Saved entries
▶
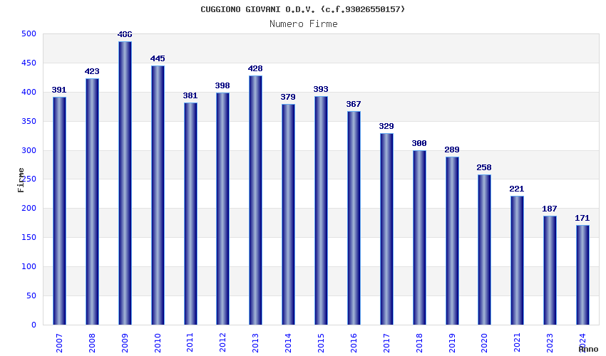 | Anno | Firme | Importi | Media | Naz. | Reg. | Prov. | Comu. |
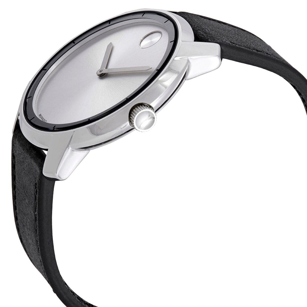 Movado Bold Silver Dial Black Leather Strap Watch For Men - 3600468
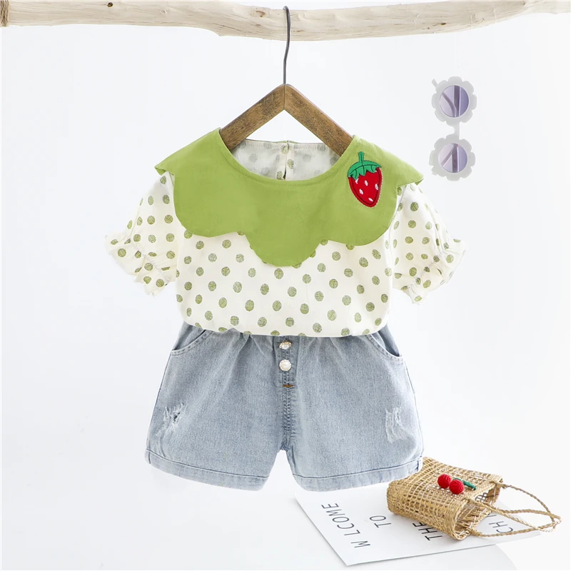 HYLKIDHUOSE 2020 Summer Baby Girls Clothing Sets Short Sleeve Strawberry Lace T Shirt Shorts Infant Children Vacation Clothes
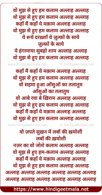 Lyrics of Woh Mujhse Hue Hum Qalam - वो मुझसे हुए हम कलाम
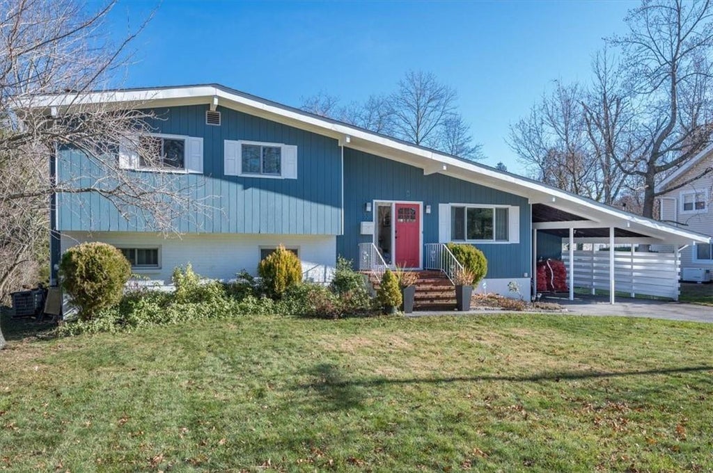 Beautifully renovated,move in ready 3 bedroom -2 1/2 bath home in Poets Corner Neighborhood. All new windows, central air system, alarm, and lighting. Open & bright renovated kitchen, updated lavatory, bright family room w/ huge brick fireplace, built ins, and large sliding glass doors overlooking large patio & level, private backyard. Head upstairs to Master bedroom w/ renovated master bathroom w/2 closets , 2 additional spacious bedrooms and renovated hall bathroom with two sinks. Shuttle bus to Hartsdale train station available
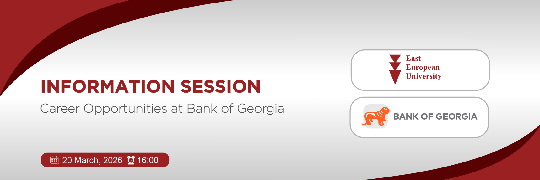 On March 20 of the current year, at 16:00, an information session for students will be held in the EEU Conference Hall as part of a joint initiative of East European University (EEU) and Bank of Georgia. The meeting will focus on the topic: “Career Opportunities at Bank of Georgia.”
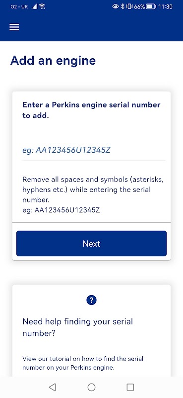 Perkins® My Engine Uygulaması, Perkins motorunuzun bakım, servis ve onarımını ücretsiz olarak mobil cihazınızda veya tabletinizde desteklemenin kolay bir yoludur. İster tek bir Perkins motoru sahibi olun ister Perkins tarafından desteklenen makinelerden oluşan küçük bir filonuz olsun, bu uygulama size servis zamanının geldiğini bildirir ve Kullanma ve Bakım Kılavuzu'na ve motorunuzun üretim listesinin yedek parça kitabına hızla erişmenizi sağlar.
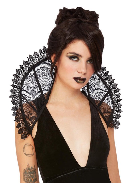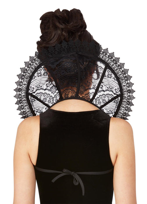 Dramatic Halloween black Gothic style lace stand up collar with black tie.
◀
WHAT IS EXPECTED: Your task is to retype all the entries exactly and leave out any pictures.

OUTPUT BELOW:
 | Anno | Firme | Importi | Media | Naz. | Reg. | Prov. | Comu. |
 Movado Bold Silver Dial Black Leather Strap Watch For Men - 3600468
 HYLKIDHUOSE 2020 Summer Baby Girls Clothing Sets Short Sleeve Strawberry Lace T Shirt Shorts Infant Children Vacation Clothes
 Lyrics of Woh Mujhse Hue Hum Qalam - वो मुझसे हुए हम कलाम
 Beautifully renovated,move in ready 3 bedroom -2 1/2 bath home in Poets Corner Neighborhood. All new windows, central air system, alarm, and lighting. Open & bright renovated kitchen, updated lavatory, bright family room w/ huge brick fireplace, built ins, and large sliding glass doors overlooking large patio & level, private backyard. Head upstairs to Master bedroom w/ renovated master bathroom w/2 closets , 2 additional spacious bedrooms and renovated hall bathroom with two sinks. Shuttle bus to Hartsdale train station available
 On March 20 of the current year, at 16:00, an information session for students will be held in the EEU Conference Hall as part of a joint initiative of East European University (EEU) and Bank of Georgia. The meeting will focus on the topic: “Career Opportunities at Bank of Georgia.”
 Perkins® My Engine Uygulaması, Perkins motorunuzun bakım, servis ve onarımını ücretsiz olarak mobil cihazınızda veya tabletinizde desteklemenin kolay bir yoludur. İster tek bir Perkins motoru sahibi olun ister Perkins tarafından desteklenen makinelerden oluşan küçük bir filonuz olsun, bu uygulama size servis zamanının geldiğini bildirir ve Kullanma ve Bakım Kılavuzu'na ve motorunuzun üretim listesinin yedek parça kitabına hızla erişmenizi sağlar.
 Dramatic Halloween black Gothic style lace stand up collar with black tie.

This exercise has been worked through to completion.